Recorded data
= Beginning of Section =
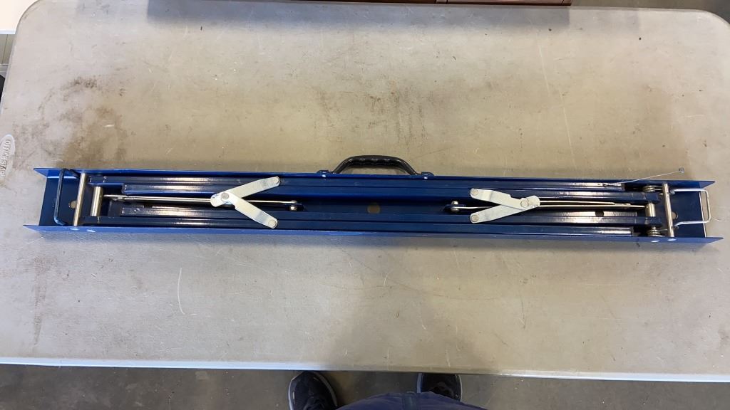 PAIR OF MASTERCRAFT FOLDING SAWHORSES AND SHOP SHELF
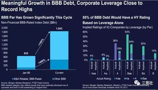 根据大摩的研究,如果仅以负债率为标准,45%的BBB级债券将从投资级调低至垃圾级。
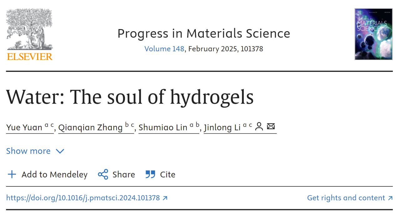 近日,公司食品营养与健康系郦金龙教授以通讯作者在材料领域顶级期刊Progress in Materials Science(IF=33.6,CiteScore=59.6)在线发表了题为“Water: The soul of hydrogels”(水:水凝胶的灵魂)的高水平综述论文,公司博士研究生袁玥为该论文第一作者。
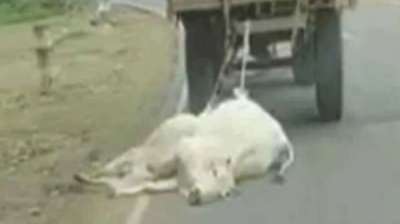 इंसानियत शर्मसार; मृत गोवंश को ट्रैक्टर के पीछे बांधकर सड़क पर घसीटा
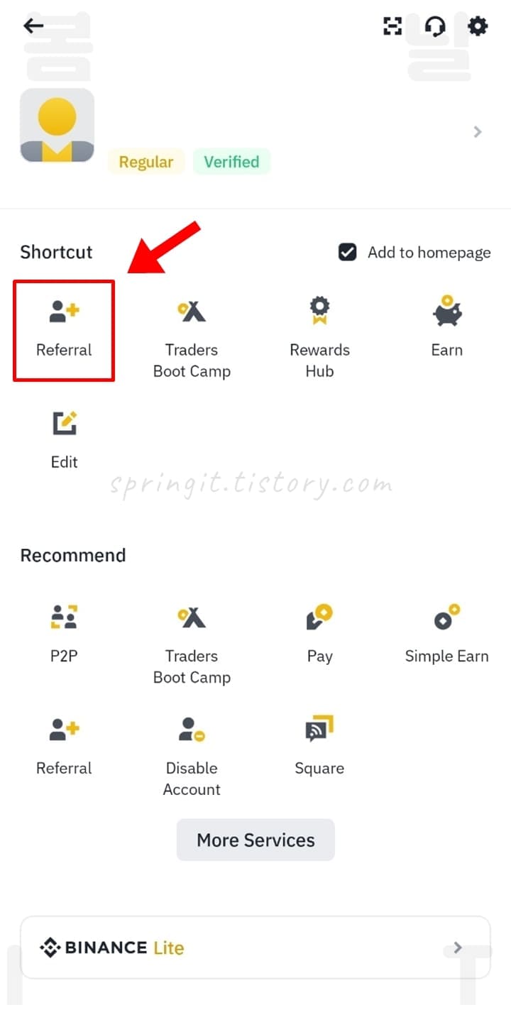 첫 화면에서 Referral 메뉴가 보이지 않는다면 화면 아래의 More Services를 눌러 메뉴를 찾아 선택하시면 됩니다.
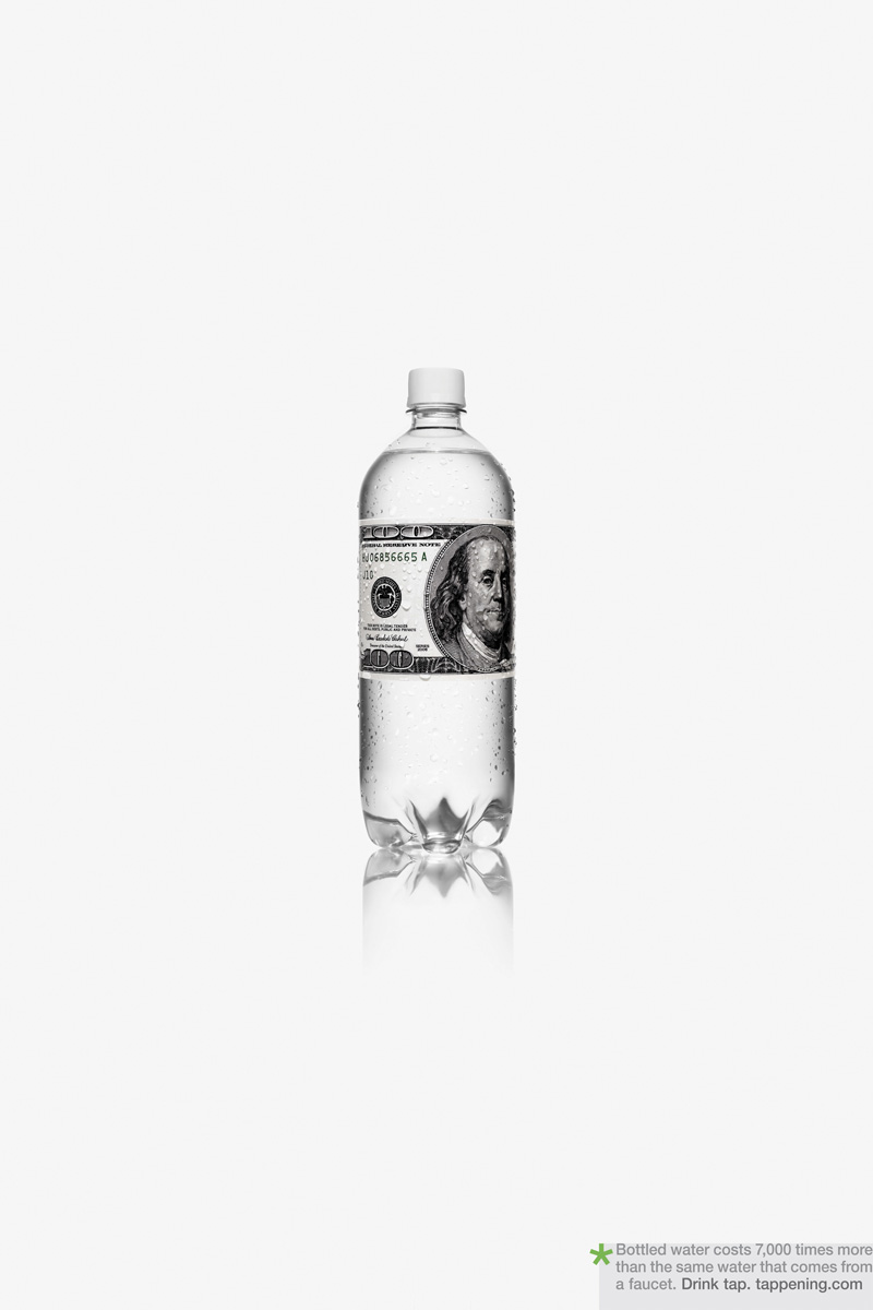 Агентство DiMassimoGoldstein призывает отказаться от бутилированной водыАмериканское рекламное агентство DiMassimoGoldstein и интернет-сайт tappening.com призывают всех отказаться от бутилированной воды. Прежде всего потому, что отходы от бутылок плохо сказываются на окружающей среде, кроме того вода в бутылках намного дороже воды из-под крана, хотя качество у нее такое же.Надпись: "В прошлом году, пластмассовые бутылки произвели более 2,5 миллионов тонн углекислого газа. Вода в бутылках стоит в 7 000 раз дороже, чем та же самая вода, но только из-под крана. Каждый год 38 миллиардов водных бутылок оказываются похороненными в земле. Пей из-под крана." Агентство: DiMassimoGoldstein, Нью-Йорк, США Творческий директор: Rich Buceta Арт директор: Kevin Gentile Копирайтер: Mike Abell Фотограф / Ретушь: Bartholomew Cooke Главный творческий директор: Mark DiMassimo |
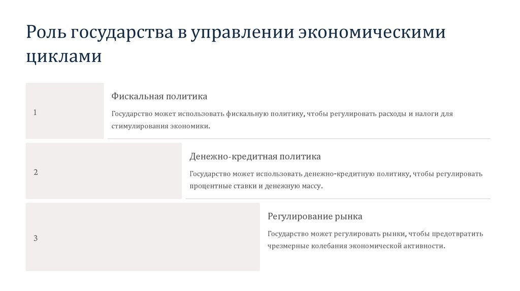 долгосрочные, так и краткосрочные циклы, а также использовать различные инструменты для управления экономикой.
= End of Section =
### WHAT YOU HAVE TO DO
Your task is to repeat exactly the lines from the beginning of the data to the line that contains "첫 화면에서 Referral", both ends included, leaving out pictures.

### COMPLETED TASK
 PAIR OF MASTERCRAFT FOLDING SAWHORSES AND SHOP SHELF
 根据大摩的研究,如果仅以负债率为标准,45%的BBB级债券将从投资级调低至垃圾级。
 近日,公司食品营养与健康系郦金龙教授以通讯作者在材料领域顶级期刊Progress in Materials Science(IF=33.6,CiteScore=59.6)在线发表了题为“Water: The soul of hydrogels”(水:水凝胶的灵魂)的高水平综述论文,公司博士研究生袁玥为该论文第一作者。
 इंसानियत शर्मसार; मृत गोवंश को ट्रैक्टर के पीछे बांधकर सड़क पर घसीटा
 첫 화면에서 Referral 메뉴가 보이지 않는다면 화면 아래의 More Services를 눌러 메뉴를 찾아 선택하시면 됩니다.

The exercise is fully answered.